The SCSI mid layer will handle doing the right things to recover from an error situation. Next we look to see if this is a SCSI phase change (SCSI commands pass through a set of phases. A smart controller handles all of this a dumb one less. In our case we will assume that the only phases that need help are 'data in' and 'data out' - where we copy bytes to or from the SCSI device we issued a command.

   if(data&DATA_OUT)
    {
        outsw(port+DATA_FIFO,
            current_command->request_buffer,
            current_command->request_bufflen);
    }

To send data we blast the buffer to the controller. This may well be done by DMA in a real controller. Our example we keep simple. On input we check how many bytes were received and copy them to the request buffer - which is probably a page of disk cache most of the time. We don't have to worry where it goes however, just that it fits.

   if(data&DATA_IN)
    {
        int len = inw(port+DATA_LEN);
        if(len>current_command->request_bufflen)
            len=current_command->request_bufflen;
        insw(port+DATA_FIFO, current_command->request_buffer,
                current_command->request_bufflen);
    }

Finally check if a command finished. If so put the device SCSI status in the low byte of the response and tell the SCSI layer the command has completed. The top 16bits hold the kernel info, the bottom the SCSI info. The top 16bits for no error are 0 precisely to make this simple.

   if(data&COMMAND_DONE)
    {
        current_command->status = inb(port+CMD_STATUS);
        current_command->scsi_done(current_command);
    }
}

and we exit our interrupt.

SCSI commands can be issued synchronously although this is now basically dead and we do things properly. Supporting the synchronous commands is best done in terms of the queuecommand function and the code below is basically boilerplate used by almost every driver.
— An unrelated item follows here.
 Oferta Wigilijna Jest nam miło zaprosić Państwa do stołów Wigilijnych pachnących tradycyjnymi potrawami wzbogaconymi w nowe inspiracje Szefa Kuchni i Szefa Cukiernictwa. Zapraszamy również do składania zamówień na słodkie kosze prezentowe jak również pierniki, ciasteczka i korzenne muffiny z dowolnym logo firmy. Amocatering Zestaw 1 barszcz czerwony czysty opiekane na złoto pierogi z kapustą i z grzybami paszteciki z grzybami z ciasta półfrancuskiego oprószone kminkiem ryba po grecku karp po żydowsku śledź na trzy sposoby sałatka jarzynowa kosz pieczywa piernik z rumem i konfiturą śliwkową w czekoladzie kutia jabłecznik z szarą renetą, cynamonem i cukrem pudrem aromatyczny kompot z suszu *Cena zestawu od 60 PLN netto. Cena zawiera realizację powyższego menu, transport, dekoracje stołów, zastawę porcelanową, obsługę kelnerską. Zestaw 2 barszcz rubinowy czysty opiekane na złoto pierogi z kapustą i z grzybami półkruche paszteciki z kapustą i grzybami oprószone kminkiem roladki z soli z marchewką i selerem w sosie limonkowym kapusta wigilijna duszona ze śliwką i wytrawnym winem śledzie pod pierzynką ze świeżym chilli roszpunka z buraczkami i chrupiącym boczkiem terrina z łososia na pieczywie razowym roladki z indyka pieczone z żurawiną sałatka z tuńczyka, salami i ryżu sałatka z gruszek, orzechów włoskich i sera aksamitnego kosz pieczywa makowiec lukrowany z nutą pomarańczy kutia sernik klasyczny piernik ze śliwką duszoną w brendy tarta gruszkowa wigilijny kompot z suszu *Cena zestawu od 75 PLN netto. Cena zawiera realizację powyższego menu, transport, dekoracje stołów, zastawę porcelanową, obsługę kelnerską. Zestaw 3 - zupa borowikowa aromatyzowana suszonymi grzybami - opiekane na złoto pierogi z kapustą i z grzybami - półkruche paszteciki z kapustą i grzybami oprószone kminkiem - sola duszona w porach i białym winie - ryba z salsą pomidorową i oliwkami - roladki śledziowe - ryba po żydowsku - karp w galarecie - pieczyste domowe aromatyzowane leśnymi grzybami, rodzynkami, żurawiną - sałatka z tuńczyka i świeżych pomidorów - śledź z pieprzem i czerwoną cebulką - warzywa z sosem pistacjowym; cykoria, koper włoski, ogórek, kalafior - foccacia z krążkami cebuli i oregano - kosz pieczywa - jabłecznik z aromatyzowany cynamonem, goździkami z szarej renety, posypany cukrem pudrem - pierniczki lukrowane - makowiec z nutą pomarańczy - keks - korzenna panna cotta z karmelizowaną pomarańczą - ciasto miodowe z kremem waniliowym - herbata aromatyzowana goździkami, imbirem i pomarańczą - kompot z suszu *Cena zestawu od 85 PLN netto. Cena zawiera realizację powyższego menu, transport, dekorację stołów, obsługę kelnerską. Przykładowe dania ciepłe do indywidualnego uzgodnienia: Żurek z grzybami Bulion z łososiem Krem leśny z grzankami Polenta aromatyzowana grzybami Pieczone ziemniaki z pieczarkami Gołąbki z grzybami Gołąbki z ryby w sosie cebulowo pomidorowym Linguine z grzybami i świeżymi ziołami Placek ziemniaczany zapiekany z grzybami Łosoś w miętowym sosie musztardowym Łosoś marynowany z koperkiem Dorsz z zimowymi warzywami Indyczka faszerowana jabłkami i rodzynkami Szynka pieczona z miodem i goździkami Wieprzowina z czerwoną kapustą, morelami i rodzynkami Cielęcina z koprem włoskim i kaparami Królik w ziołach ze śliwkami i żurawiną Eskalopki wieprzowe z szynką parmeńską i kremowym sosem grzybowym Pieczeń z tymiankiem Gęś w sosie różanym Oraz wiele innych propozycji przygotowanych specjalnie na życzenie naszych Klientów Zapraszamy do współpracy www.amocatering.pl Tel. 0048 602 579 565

static void it_finished(Scsi_Cmnd *SCpnt)
{
SCpnt->SCp.Status++;
}

int myscsi_command(Scsi_Cmnd *SCpnt)
{
myscsi_queuecommand(SCpnt, it_finished);
while(!SCpnt->SCp.Status)
    barrier();
return SCpnt->result;
}

We queue a command and tell the queue function that the 'completion' handler (scsi_done) is to increment the status. Having issued the command we spin in a loop until the command finishes. The barrier() statement is important here. Gcc might otherwise optimize

while(variable)

to

if(variable)
    while(1);

Barrier tells it that it cannot cache values from variables across the barrier() function call. This ensures that the status, which is changed by an interrupt will be seen by the looping code.
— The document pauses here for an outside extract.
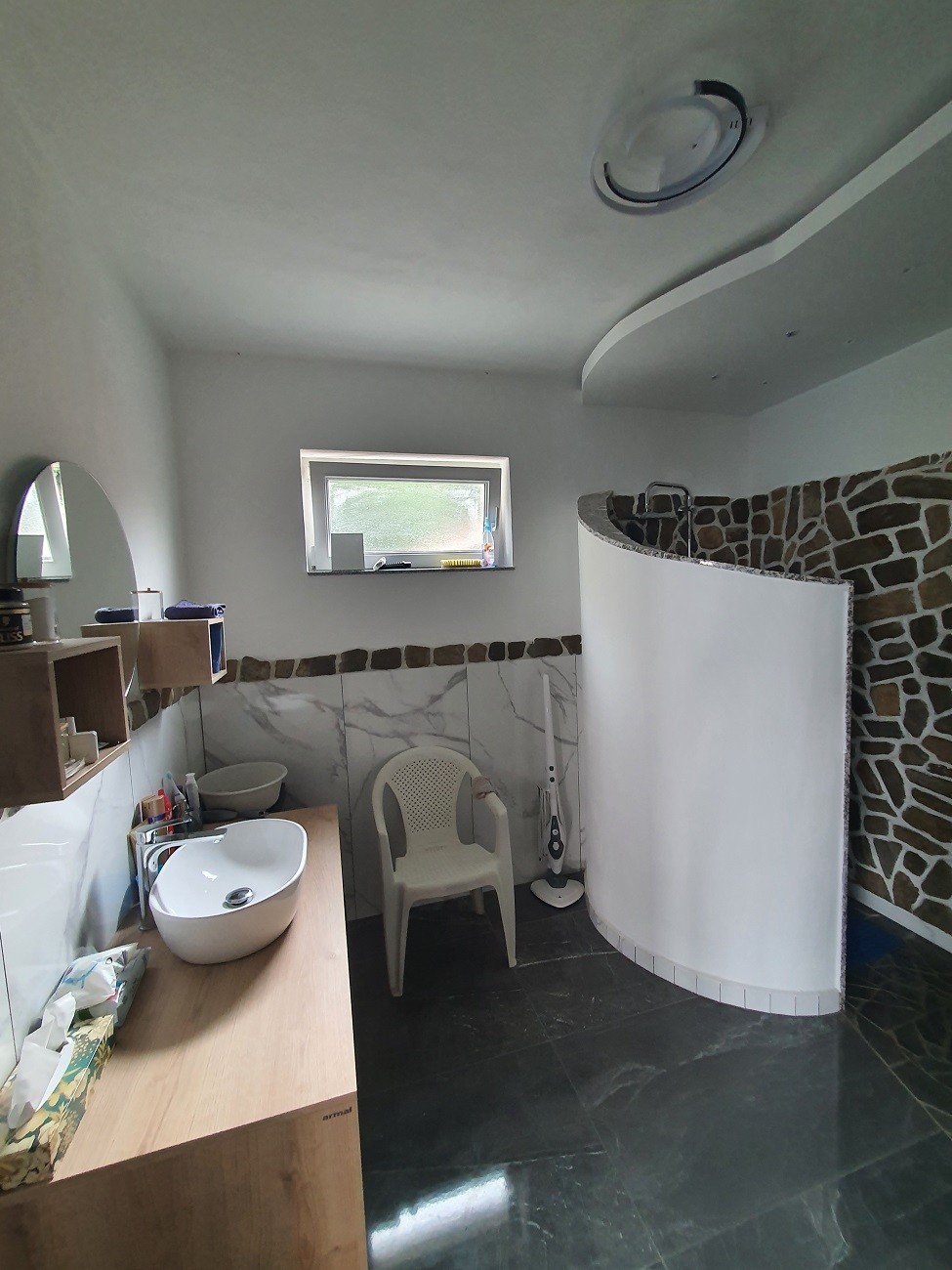 Downstairs in the apartment there is a huge living room and kitchen with access to the terrace with a beautiful view of the sea, one bedroom, a separate toilet and a separate bathroom, and on the upper floor there is a bedroom with a bathroom.

This completes the SCSI command handlers for our simple card. They are not optimized and our card is a little simplistic. We still need to fill in the geometry function and the info function. The info function returns a text description for our controller.

const char *myscsi_info(struct Scsi_Host *SChost)
{
    return("My SCSI device");
}

it could (perhaps should in fact) return the I/O and IRQ information, driver version and other valuable information too.

The bios_param function maps our SCSI disk to a PC BIOS faked geometry. Real disks don't have the simple geometry the PC has, but everyone has carried on faking it rather than fixing all the operating systems. Thus we have to continue this fiction. We need to use the same algorithm as the BIOS or life will be messy.

This example is taken from the Symbios 53c416 driver and is quite typical

int sym53c416_bios_param(Disk *disk, kdev_t dev, int *ip)
{
    int size;

    size = disk->capacity;
    ip[0] = 64;                         /* heads               */
    ip[1] = 32;                         /* sectors             */
    if((ip[2] = size >> 11) > 1024) 
                        /* cylinders, test for 
                        big disk */
    {   
        ip[0] = 255;                /* heads         */
        ip[1] = 63;                 /* sectors       */
        ip[2] = size / (255 * 63);  /* cylinders     */
    }
    return 0;
}

Given the disk size we fill in an array of integers for the heads, sectors and cylinders of our disk. We actually want to be sure that these are right. Getting the mapping wrong will give people who use mixed Linux/DOS disks corrupted file systems and generate unhappy mail.

All is now fine except that to unload the module we need to clean up our resources. We provide a release function for this.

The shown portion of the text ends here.